Role of Rani Bagai in the Kala Bagai Way Renaming

Note: NAC refers to the City of Berkeley Naming Advisory Committee.

1. She controlled the family archive that SAADA used

Rani donated the Bagai family materials to SAADA.

These materials became the primary source for:

  • SAADA's online collection
  • The narrative circulated by Barnali and Anirban
  • The story repeated by activists and public commenters
  • The information NAC (City of Berkeley Naming Advisory Committee) members saw

Because the archive was family‑curated, it reflected her interpretation of her grandparents' lives.

This meant the city's entire process relied on one narrative source.

2. She shaped the "feel‑good" version of the Bagai story

Rani has long promoted a simplified, uplifting version of the Bagai family history:

  • Kala Bagai as a "community builder"
  • Vaishno Das Bagai as a "civil‑rights pioneer"
  • The family as symbols of resilience

This framing omits contradictions in the archival record and presents the Bagais as early South Asian activists — a claim not supported by independent historical evidence.
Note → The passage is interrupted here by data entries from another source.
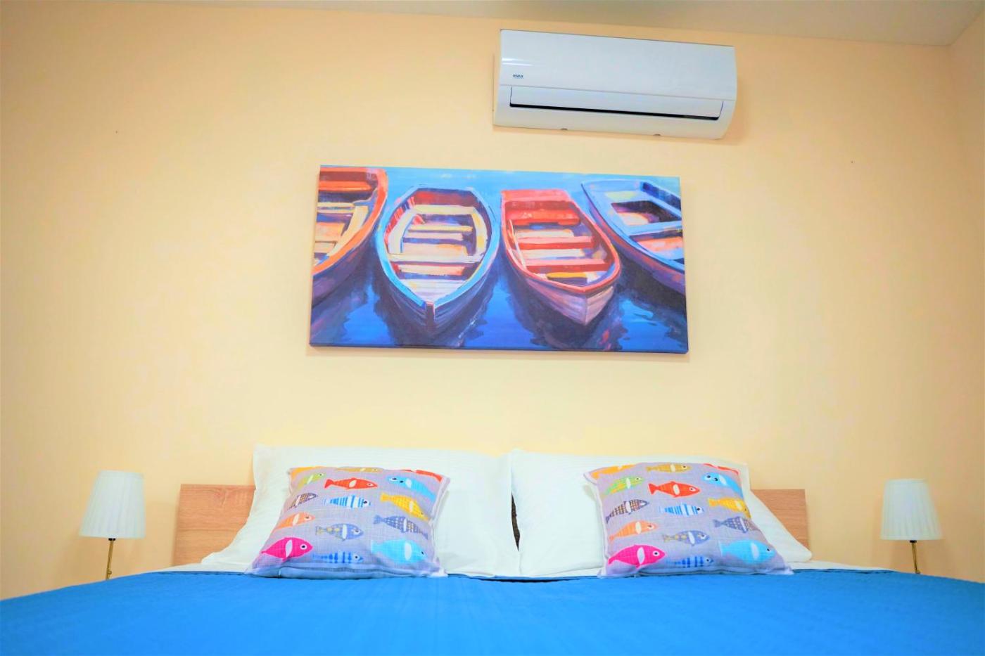 One-Bedroom Apartment. The air-conditioned apartment has 1 bedroom, 1 bathroom and a kitchen. The apartments kitchen is available for cooking and storing food. This apartment offers heating and a flat-screen TV. The unit has 1 bed.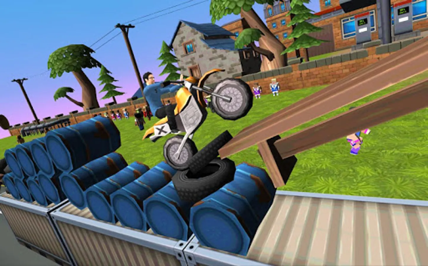 If you like Motocross or Trail Bike sports this game is special for you! Also if you do not like those sports but still love stunt games you can give it a try because the game is 100% free! Try to become better every racing track and maybe you can finish all levels with a 3 star score. Collect all the golden coins on the road by using your driving skills. What are you waiting for? Jump on your motor and race through the cartoon streets!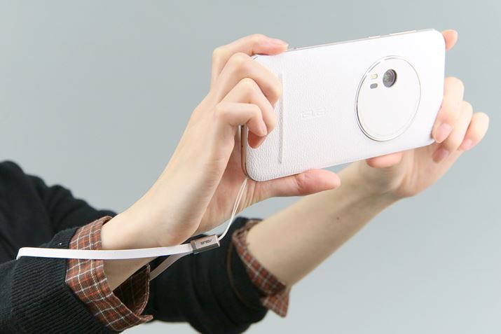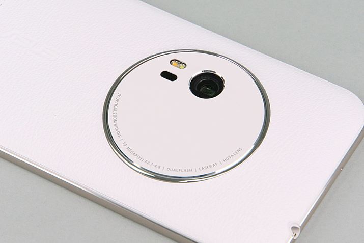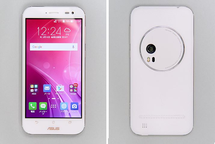 光学3倍ズーム対応のカメラを搭載したZenFone Zoom。SIMフリーのAndroidスマホで、通信会社を自由に選べる。今回は最上位モデルの「ZX551ML-WH128S4」(プレミアムレザーケースモデルの白)を試用した。価格.com最安価格は74,293円(2016年3月10日時点)

This curated narrative became the foundation for the renaming.

3. She collaborated with SAADA, which amplified her version

SAADA did not independently verify the family story.

They:

  • Published the family‑donated materials
  • Repeated Rani's framing
  • Promoted the Bagais as early South Asian icons

This gave her narrative institutional legitimacy, which Berkeley officials trusted.
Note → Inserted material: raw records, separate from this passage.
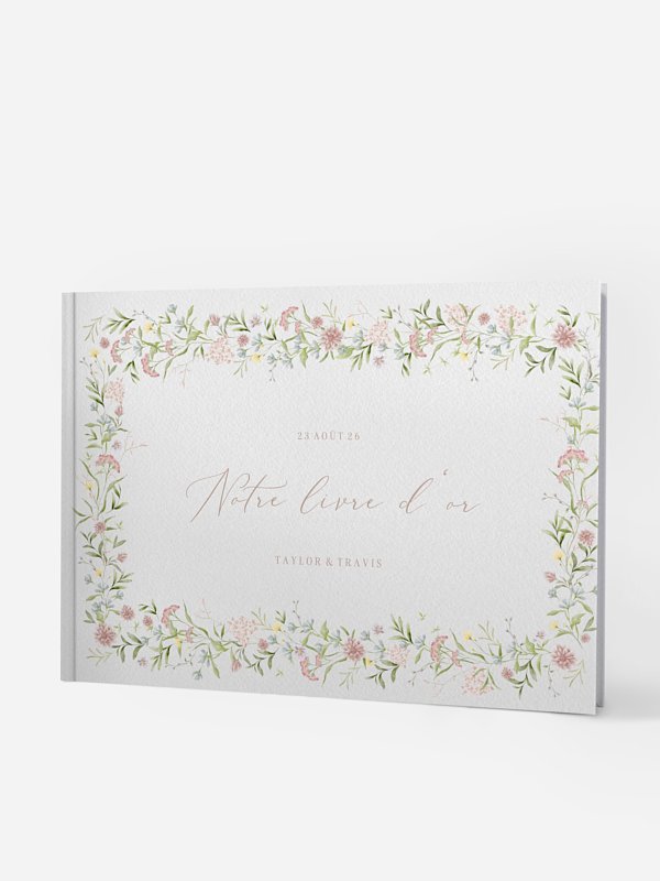 - Pages intérieures : 1 double-page pour les marié.e.s, 2 doubles-pages différentes pour les invités.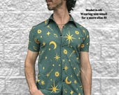 5 out of 5 starsThis shirt is very fun and just the colorful gift I was looking for. The fabric is much thinner than I was expecting and thus it wrinkles easily and can get be a bit static-y but it’s very cute and photogenic. If you are in a timeline order in advance! Because the item is handmade to size it takes some time for it to arrive. Very funky and cool shirt!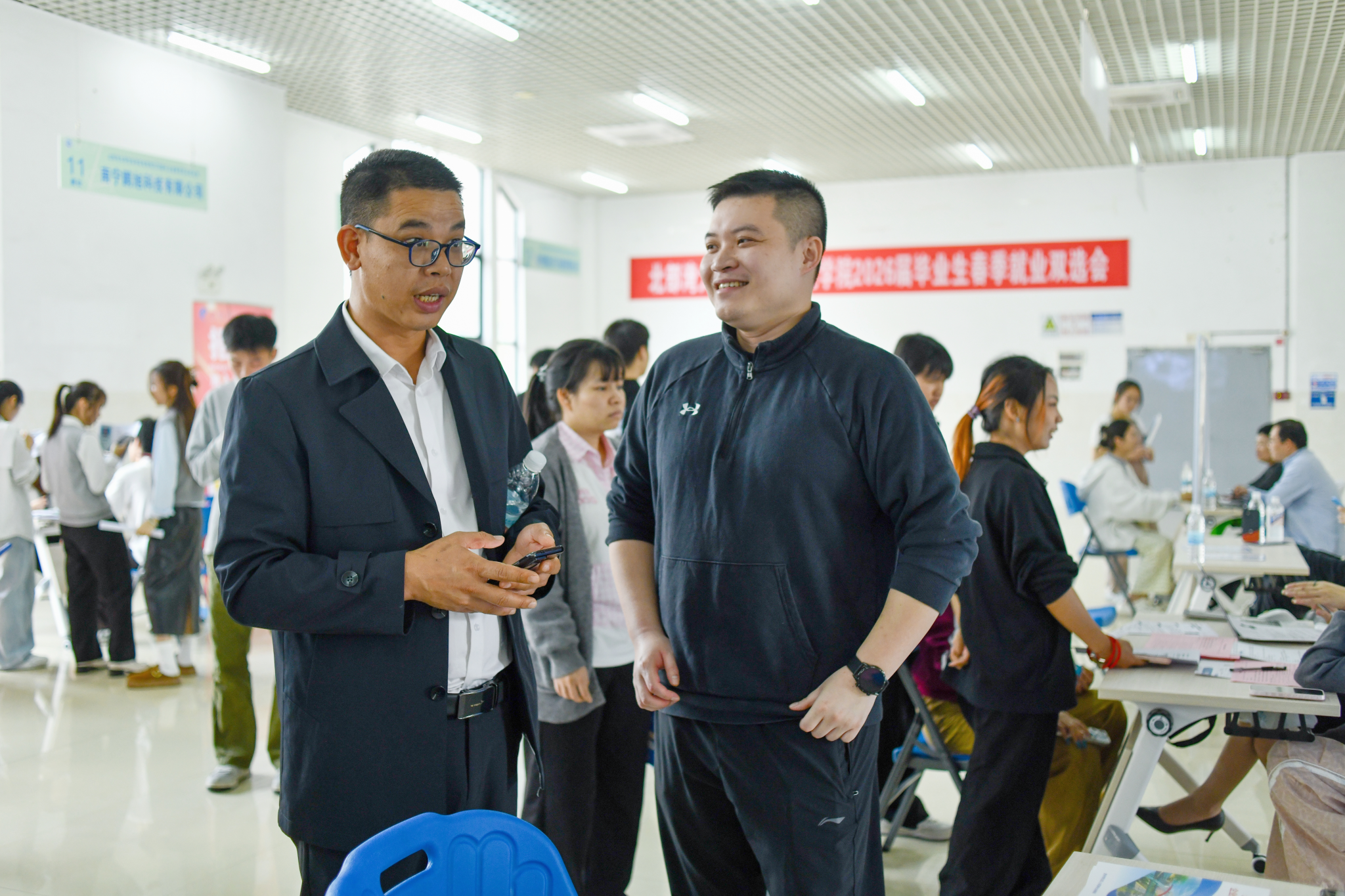 学院党委书记粟建勇向企业询问招聘岗位需求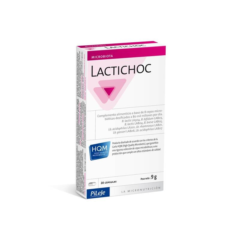 Lactichoc a base de 8 cepas microbióticas dosificadas a 80 mil millones por día.

4. She indirectly influenced Barnali Ghosh and Anirban Chatterjee

Barnali and Anirban relied heavily on:

  • SAADA's materials
  • Rani's interviews
  • Rani's interpretation of Kala's life

They then amplified this narrative through:

  • Walking tours
  • Public storytelling
  • Activist networks

This is how Rani's framing reached the NAC (City of Berkeley Naming Advisory Committee) and City Council.
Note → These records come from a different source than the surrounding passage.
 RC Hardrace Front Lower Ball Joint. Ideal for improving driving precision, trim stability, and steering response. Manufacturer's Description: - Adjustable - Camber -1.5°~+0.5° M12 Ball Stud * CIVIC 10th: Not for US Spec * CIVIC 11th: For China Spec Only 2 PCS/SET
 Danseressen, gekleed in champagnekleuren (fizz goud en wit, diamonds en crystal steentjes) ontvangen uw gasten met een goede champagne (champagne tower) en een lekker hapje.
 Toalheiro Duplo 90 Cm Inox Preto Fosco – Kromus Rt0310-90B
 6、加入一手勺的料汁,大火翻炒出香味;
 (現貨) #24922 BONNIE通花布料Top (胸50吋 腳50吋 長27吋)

5. She did not participate in Berkeley's civic process

Rani did not:

  • Submit the name
  • Speak at Berkeley meetings
  • Engage with the NAC (City of Berkeley Naming Advisory Committee)
  • Lobby the FITES Committee
  • Interact with the Transportation Commission
  • Contact Berkeley City Council

Her role was upstream, not procedural.

In summary

Rani Bagai's role was narrative originator, not civic participant.

She:

  • Controlled the family archive
  • Shaped the story SAADA published
  • Provided the framing that Barnali and Anirban amplified
  • Indirectly influenced the NAC (City of Berkeley Naming Advisory Committee) through the curated materials

The city's decision was built on her version of the Bagai story, even though she never appeared in the formal process.